[Dataset excerpts]

■ ■ ■ ■ ■

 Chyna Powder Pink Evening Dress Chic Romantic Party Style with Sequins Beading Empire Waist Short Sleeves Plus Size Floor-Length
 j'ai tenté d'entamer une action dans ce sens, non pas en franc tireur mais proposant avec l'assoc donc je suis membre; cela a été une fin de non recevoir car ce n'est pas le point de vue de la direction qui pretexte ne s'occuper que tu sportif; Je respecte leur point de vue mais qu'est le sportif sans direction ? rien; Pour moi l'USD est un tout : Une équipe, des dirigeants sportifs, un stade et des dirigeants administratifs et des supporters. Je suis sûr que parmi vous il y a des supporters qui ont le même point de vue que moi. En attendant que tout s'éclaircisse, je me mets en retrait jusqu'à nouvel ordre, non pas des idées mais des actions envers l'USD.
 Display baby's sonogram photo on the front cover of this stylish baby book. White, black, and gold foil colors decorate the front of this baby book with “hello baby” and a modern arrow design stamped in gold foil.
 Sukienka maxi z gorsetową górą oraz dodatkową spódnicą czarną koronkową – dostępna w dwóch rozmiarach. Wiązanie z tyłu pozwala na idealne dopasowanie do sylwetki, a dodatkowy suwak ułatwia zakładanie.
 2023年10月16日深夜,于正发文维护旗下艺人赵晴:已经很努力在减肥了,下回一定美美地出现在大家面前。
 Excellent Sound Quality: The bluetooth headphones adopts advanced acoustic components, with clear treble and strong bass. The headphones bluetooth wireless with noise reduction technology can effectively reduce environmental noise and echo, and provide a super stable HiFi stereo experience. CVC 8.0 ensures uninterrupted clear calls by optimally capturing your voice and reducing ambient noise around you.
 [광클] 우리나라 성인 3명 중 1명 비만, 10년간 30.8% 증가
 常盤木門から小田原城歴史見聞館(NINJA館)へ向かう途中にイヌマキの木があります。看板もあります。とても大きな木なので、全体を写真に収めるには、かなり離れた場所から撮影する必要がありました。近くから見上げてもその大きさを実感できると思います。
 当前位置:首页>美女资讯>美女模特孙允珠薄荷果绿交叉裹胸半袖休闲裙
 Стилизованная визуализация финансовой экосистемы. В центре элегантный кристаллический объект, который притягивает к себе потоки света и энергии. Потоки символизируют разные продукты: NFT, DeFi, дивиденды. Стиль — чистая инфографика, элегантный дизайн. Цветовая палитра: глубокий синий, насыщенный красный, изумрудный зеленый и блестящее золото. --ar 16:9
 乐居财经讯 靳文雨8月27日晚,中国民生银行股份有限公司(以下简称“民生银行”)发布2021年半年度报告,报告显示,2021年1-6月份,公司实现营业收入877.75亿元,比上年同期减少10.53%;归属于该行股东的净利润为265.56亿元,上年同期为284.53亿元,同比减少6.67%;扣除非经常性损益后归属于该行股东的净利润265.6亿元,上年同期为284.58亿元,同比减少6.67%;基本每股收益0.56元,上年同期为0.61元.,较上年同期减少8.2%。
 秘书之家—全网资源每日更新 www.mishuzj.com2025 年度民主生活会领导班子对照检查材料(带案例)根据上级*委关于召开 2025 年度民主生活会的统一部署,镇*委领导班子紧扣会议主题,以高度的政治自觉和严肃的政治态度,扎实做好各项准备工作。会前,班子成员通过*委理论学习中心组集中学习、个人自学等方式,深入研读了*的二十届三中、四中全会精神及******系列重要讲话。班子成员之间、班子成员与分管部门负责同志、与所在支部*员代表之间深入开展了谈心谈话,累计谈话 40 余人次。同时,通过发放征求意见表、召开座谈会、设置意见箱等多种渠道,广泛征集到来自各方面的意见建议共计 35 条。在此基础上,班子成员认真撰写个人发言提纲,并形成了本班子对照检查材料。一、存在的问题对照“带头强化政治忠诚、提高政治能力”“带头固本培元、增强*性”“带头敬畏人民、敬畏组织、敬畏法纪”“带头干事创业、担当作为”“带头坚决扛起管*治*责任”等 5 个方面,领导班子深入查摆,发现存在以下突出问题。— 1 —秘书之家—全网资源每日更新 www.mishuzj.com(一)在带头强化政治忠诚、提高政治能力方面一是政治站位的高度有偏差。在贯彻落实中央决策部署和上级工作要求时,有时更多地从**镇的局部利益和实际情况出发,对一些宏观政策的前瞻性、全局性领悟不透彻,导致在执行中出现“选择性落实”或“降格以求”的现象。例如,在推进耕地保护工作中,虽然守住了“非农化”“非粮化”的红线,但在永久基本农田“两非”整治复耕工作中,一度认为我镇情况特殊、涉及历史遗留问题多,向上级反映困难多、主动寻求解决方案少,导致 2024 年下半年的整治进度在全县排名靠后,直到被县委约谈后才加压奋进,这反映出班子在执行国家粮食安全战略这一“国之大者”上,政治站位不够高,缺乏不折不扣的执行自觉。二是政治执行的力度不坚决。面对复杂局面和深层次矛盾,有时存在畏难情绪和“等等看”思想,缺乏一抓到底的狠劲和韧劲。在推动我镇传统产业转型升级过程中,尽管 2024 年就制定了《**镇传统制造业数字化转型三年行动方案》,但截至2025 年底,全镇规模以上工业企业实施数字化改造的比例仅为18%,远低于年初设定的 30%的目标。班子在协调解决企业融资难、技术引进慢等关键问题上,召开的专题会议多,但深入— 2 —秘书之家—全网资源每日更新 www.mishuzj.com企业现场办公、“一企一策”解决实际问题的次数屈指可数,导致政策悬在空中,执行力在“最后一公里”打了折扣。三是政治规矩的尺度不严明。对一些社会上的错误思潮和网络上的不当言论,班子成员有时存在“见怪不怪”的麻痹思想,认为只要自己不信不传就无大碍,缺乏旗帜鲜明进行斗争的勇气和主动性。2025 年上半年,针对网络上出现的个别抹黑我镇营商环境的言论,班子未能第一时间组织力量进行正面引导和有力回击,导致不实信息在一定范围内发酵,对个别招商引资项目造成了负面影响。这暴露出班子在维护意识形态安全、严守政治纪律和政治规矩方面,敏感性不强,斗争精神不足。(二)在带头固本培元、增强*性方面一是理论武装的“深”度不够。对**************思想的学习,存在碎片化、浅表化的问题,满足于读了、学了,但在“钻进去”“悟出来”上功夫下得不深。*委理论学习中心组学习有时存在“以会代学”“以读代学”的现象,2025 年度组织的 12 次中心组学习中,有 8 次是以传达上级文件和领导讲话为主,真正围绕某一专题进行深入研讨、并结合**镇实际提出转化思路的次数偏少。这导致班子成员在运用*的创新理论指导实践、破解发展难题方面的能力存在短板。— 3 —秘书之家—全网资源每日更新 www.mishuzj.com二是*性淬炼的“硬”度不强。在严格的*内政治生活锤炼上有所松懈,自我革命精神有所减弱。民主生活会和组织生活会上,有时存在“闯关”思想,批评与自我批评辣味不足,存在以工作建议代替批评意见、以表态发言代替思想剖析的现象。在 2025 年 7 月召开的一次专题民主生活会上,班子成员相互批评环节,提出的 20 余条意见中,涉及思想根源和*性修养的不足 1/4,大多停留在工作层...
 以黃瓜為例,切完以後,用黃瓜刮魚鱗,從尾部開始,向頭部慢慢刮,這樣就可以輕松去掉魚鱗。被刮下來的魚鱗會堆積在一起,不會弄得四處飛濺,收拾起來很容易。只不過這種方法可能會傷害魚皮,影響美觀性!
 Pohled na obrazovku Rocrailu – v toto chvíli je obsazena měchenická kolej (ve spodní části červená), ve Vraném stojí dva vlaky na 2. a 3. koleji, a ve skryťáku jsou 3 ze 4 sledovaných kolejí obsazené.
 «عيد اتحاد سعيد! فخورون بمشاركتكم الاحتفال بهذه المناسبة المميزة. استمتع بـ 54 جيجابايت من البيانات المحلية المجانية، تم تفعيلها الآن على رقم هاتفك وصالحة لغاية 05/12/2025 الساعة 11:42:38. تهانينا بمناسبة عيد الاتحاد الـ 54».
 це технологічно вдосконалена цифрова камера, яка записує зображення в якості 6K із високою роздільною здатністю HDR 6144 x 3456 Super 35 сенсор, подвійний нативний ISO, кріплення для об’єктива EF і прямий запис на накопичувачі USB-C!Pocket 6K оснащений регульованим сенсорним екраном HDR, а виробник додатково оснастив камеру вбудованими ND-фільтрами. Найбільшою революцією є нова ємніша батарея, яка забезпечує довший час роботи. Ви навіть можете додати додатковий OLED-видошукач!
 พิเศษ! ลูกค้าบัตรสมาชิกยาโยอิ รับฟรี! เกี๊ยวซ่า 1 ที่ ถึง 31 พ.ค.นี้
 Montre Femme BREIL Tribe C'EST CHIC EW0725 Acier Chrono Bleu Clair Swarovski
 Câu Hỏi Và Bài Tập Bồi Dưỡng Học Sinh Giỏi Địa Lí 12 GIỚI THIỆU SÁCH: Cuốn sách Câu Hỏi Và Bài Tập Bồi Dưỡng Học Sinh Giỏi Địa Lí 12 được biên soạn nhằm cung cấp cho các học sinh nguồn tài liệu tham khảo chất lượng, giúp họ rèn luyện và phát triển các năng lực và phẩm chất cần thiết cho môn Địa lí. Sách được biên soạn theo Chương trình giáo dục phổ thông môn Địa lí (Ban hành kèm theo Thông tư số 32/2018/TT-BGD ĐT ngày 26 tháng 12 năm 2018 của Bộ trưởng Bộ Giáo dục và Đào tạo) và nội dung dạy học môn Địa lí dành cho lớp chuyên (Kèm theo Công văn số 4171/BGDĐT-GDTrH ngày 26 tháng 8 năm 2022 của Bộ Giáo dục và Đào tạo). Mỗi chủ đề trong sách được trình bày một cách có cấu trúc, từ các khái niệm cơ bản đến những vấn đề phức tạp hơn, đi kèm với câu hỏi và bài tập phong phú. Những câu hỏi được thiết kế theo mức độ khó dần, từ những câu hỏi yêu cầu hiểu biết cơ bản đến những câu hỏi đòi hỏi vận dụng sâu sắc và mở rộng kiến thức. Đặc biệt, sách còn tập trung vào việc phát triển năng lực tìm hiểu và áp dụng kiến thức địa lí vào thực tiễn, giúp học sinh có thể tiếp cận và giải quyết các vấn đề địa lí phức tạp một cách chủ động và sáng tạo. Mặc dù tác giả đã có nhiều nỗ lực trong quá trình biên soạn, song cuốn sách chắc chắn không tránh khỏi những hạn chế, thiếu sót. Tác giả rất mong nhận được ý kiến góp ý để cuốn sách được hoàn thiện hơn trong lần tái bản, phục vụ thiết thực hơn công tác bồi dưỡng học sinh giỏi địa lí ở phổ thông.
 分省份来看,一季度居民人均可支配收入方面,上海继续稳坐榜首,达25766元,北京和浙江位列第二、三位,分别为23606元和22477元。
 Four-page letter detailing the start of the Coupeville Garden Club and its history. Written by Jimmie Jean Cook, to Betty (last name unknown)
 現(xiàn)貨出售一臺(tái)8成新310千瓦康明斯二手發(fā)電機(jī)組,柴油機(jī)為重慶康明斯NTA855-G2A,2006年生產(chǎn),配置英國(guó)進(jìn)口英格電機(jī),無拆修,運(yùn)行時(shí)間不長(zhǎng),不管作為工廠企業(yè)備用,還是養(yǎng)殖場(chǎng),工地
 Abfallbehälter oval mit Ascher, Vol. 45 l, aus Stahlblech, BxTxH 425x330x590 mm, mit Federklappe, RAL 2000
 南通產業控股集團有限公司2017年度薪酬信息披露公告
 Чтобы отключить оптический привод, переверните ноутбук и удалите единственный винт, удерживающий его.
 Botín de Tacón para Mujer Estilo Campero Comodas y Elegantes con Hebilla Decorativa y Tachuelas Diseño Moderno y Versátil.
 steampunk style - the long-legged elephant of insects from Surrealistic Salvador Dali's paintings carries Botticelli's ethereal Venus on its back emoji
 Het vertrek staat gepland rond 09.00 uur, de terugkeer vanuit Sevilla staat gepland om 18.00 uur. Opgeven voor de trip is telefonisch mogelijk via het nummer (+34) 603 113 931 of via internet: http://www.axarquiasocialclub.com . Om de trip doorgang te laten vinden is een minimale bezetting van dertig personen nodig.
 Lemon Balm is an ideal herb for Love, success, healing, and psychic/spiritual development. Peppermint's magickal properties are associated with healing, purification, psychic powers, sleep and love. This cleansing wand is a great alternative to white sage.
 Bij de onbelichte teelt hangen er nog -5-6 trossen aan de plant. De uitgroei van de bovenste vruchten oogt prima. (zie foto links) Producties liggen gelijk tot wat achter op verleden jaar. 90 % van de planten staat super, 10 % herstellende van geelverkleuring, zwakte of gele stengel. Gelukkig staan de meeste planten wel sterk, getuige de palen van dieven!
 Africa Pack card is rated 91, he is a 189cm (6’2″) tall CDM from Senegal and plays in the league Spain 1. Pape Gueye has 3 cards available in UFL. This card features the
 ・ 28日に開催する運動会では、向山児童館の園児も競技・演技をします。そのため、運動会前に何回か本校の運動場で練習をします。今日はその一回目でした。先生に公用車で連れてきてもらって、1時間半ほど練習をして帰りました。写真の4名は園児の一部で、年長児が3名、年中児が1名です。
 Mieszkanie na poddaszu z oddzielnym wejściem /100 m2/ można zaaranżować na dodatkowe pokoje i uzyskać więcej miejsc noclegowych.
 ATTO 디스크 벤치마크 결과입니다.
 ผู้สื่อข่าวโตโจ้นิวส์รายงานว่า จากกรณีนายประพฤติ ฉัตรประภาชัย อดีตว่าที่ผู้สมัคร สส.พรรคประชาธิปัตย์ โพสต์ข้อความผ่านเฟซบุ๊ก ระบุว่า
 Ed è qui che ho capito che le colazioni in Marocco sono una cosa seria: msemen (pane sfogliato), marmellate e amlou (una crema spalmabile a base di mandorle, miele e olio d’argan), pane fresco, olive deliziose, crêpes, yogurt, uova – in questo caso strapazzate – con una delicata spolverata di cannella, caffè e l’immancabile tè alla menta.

■ ■ ■ ■ ■

> _Activity_
If a line of the data contains "from", copy it out.

> _Task solution_
 steampunk style - the long-legged elephant of insects from Surrealistic Salvador Dali's paintings carries Botticelli's ethereal Venus on its back emoji
 Africa Pack card is rated 91, he is a 189cm (6’2″) tall CDM from Senegal and plays in the league Spain 1. Pape Gueye has 3 cards available in UFL. This card features the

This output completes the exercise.